[Stored items from a collection]

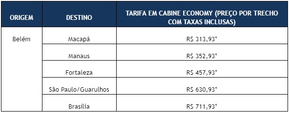 Dentre as tarifas disponíveis, o cliente encontra passagens de Belém para Macapá por R$ 313,93* (preço por trecho com taxas inclusas). Outra oportunidade é para o voo Belém-Manaus, com passagens a partir de R$ 352,93* (preço por trecho com taxas inclusas).
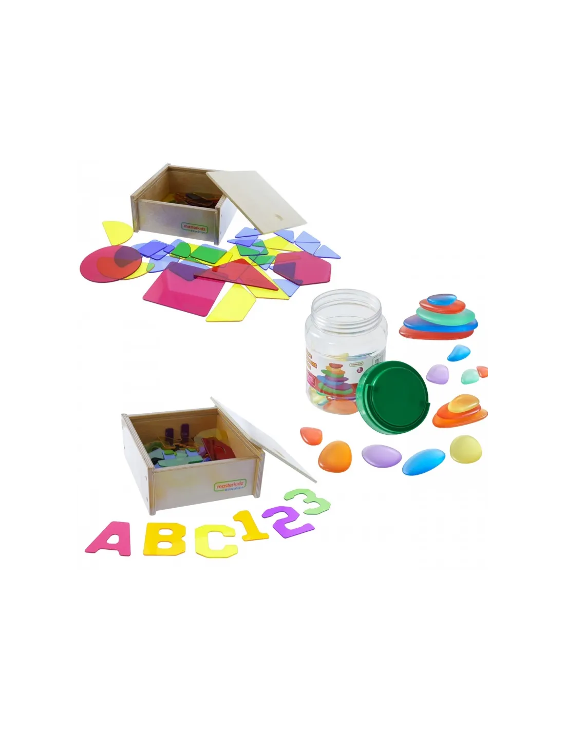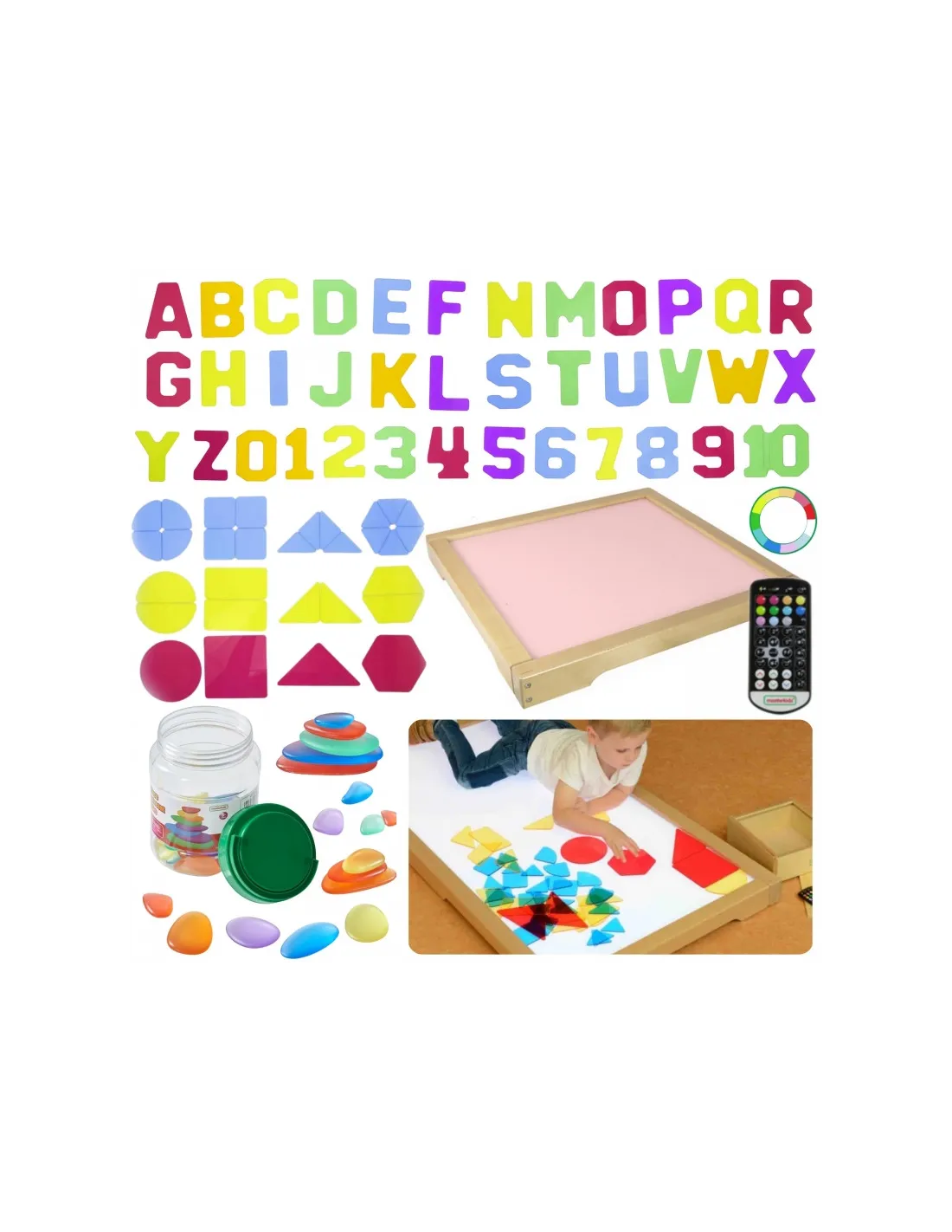 - 4 paczki - Skrzynia LED: 74 x 74 x 18 (cm) / Kolorowe kamienie: 15 x 13 x 13 (cm) / Cyfry i litery: 24 x 21 x 10 (cm) / Kształty geometryczne 25 x 22 x 10 (cm)
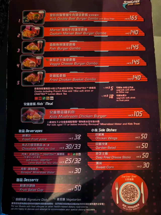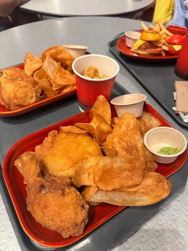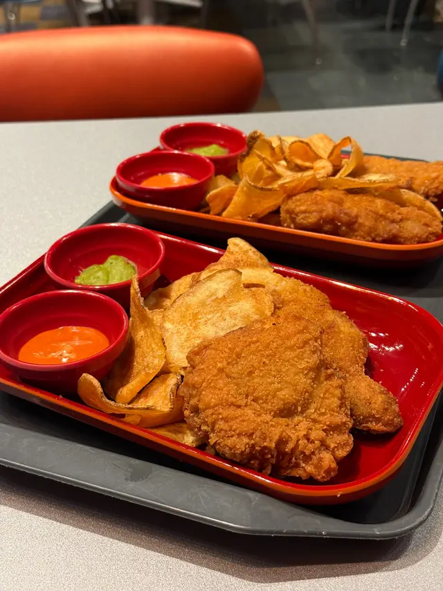 (收據在最後)真係超級耐冇食過火箭餐廳。有驚喜有驚喜以前食雙層牛肉漢堡好怕它的紅色紅菜頭包皮十分之硬很難吞嚥,今次我們叫了兩個餐一個是單人炸雞餐,令一個是蝦寶餐。炸雞餐,炸雞揸到金黃酥脆雞肉嫩滑(完全好似坊間KxC . Mx Dxxxx) 一樣完全沒有鞋口感覺。另一個是蝦寶餐,黑色包皮係墨汁整成,完全沒有難吞咽感覺很柔軟,很喜歡這個感覺蝦肉彈牙外面脆口. 真係好快就食晒啦。薯條當然不在話下當然是我們喜歡的質感及粗度很酥脆好新鮮。 …查看更多
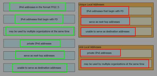 Drag and drop the IPv6 address description from the left onto the IPv6 address types on the right. Not all options are used.
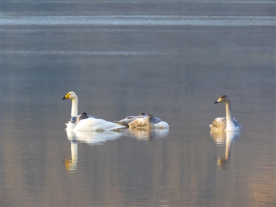 大天鵝的脖頸上為什么戴著一只刻有編號的“項圈”?這個“項圈”是什么部門戴上去的?有什么作用?記者聯(lián)系到青海國家公園觀鳥協(xié)會會長王艦艇,據(jù)介紹,青海東部處在亞洲大陸候鳥遷徙的中線和西線通道上,入冬以來,大天鵝會以家族為單位從亞洲各國飛抵青海境內棲息越冬,而此次趙女士拍攝到的戴有環(huán)志的大天鵝來自蒙古國,同樣也是以“4大4小”為組合的兩個家族為單位遷徙來青海的。“大天鵝的遷徙路線是相對固定的,變化區(qū)域不大,只要這只大天鵝一直存活,且一直戴著環(huán)志,那么每一年都有可能在青海境內再次看到它的身影。”王艦艇說。
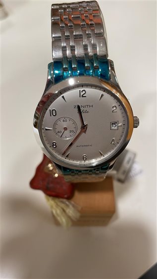 Orologio automatico nuovo di negozio in acciaio "ZENITH ELITE"con scatola e documenti originali. Cassa e cinturino in acciaio con chiusura deployante. Quadrante fondo argento solo tempo con secondiera posizionata al numero 9 e datario posizionato al numero3. Movimento automatico con resistenza all'acqua 3 ATM.
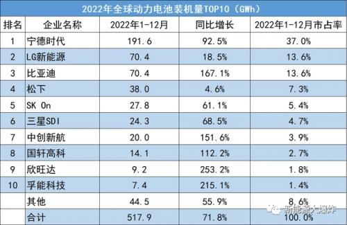 再看锂电池前十大厂商,同样被中日韩三国包圆了。
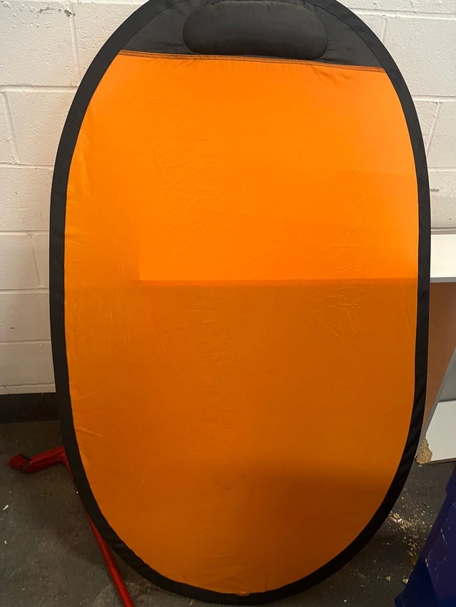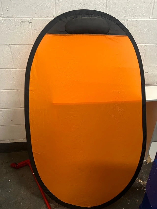 Boost your photos with this vibrant orange and black collapsible backdrop, perfect for portraits or product shots and easy to store. This backdrop has been used but is in good condition, ready to bring professional flair to your photography. Specifications: * Colour: Orange and black * Collapsible design for easy storage * Ideal for portrait and product photography. And yes, it's available if you're seeing this ad!

What needs to be done: The output is the lines from the start of the data above through the line containing "- 4 paczki - Skrzynia", unchanged, with any picture left out.

Response to this exercise:
 Dentre as tarifas disponíveis, o cliente encontra passagens de Belém para Macapá por R$ 313,93* (preço por trecho com taxas inclusas). Outra oportunidade é para o voo Belém-Manaus, com passagens a partir de R$ 352,93* (preço por trecho com taxas inclusas).
 - 4 paczki - Skrzynia LED: 74 x 74 x 18 (cm) / Kolorowe kamienie: 15 x 13 x 13 (cm) / Cyfry i litery: 24 x 21 x 10 (cm) / Kształty geometryczne 25 x 22 x 10 (cm)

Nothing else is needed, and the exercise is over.